22H·

ETF basic pension with BUZ

Hello everyone,


I am about to replace my current occupational disability insurance with a basic pension with occupational disability cover.


I currently pay €77 per month for my occupational disability insurance. If I don't become disabled, my paid-in capital will be forfeited. In the event of disability, I would receive a monthly pension of around €1,900 with my current insurance.


I have now been offered a basic pension from Alte Leipziger, which I can also claim for tax purposes. This is not possible with my current contract. With my gross annual salary, this results in tax savings of around 45.4% and a subsidy rate.

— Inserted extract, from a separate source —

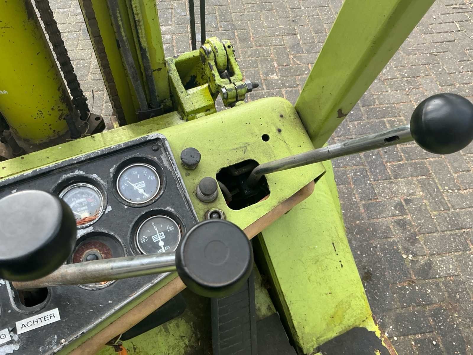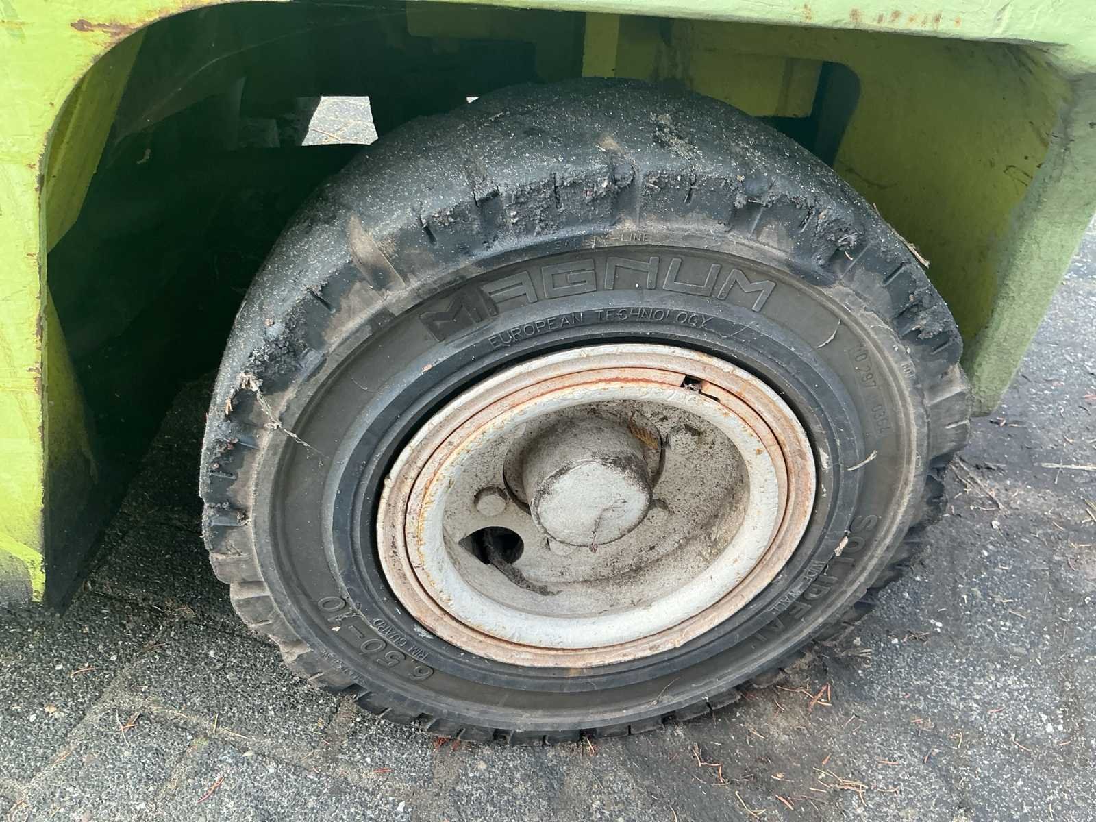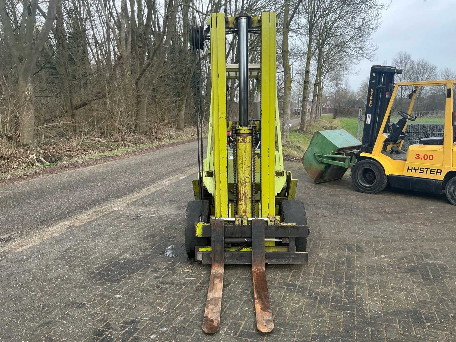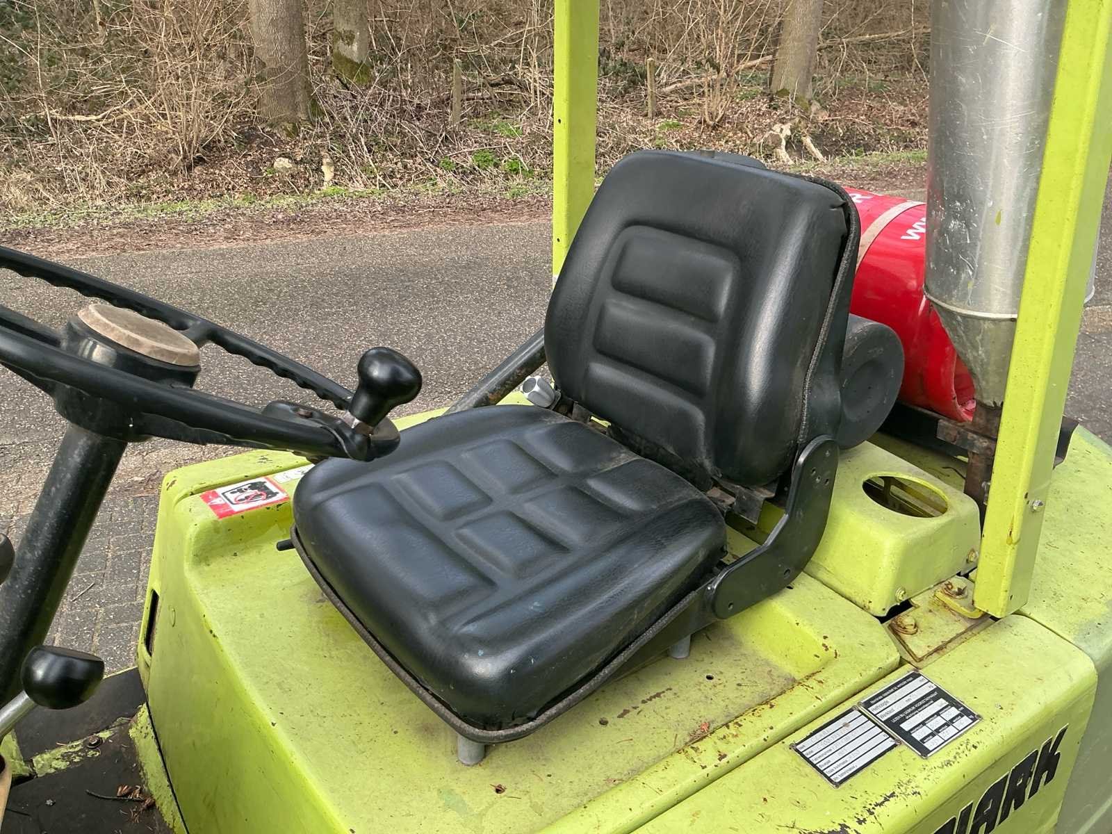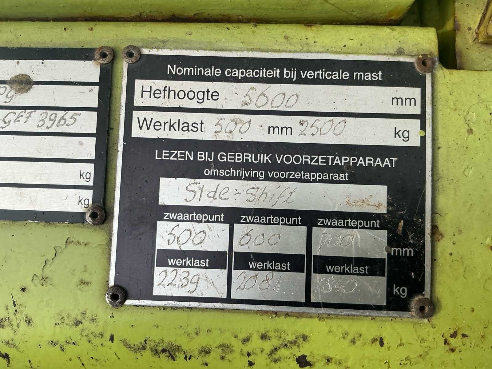 Zonder gasfles, No Merk: Clark Type: C500.Y55 LPG Bouwjaar: 1985 Serienummer: Y355-4366-GET 3965 Brandstof: LPG Kenteken: GEEN Aantal wielen: 4 Afgelezen urenstand: 833 Free-lift: true Side-shift: true Triple mast: true Eigen gewicht: 4350kg Hefvermogen: 3000kg Lepellengte: 1100mm Max. hefhoogte: 5600mm Vol rubber banden: true Minimale doorrijhoogte: 2550mm Totale afmeting L: 2750mm Totale afmeting Breedte: 1200mm Totale afmeting Hoogte: 2580mm LPG: true

The monthly costs for the basic pension would amount to around €115 after tax, without tax deductions it would be around €209 per month.

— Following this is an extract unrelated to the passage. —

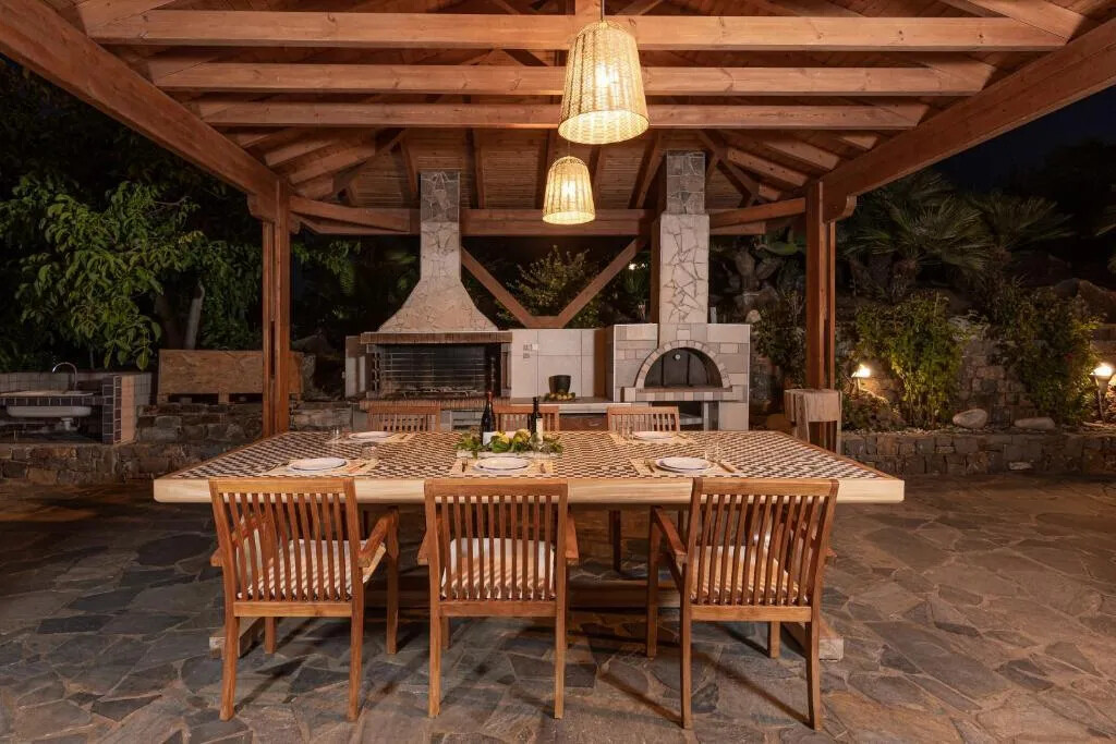 The villa also offers an outdoor fireplace, providing a cozy spot to gather around on cooler evenings. An indoor play area is available for entertainment, pool table, and more. Additionally, guests can relax on the sun terrace and take in the stunning surroundings.

The cover amounts to € 2,500 per month (the higher amount is due to social insurance), which also corresponds to around € 1,900 in the event of occupational disability. A performance of 6% is required.

I can choose the ETF myself.


My question is: would you choose an ACC or DIST ETF?

You can choose, for example, the $VWRL (-2.49%)
$WEBN (-2.89%)
$VHYG (-1.58%)

A 70/30 portfolio from iShares would also be an option.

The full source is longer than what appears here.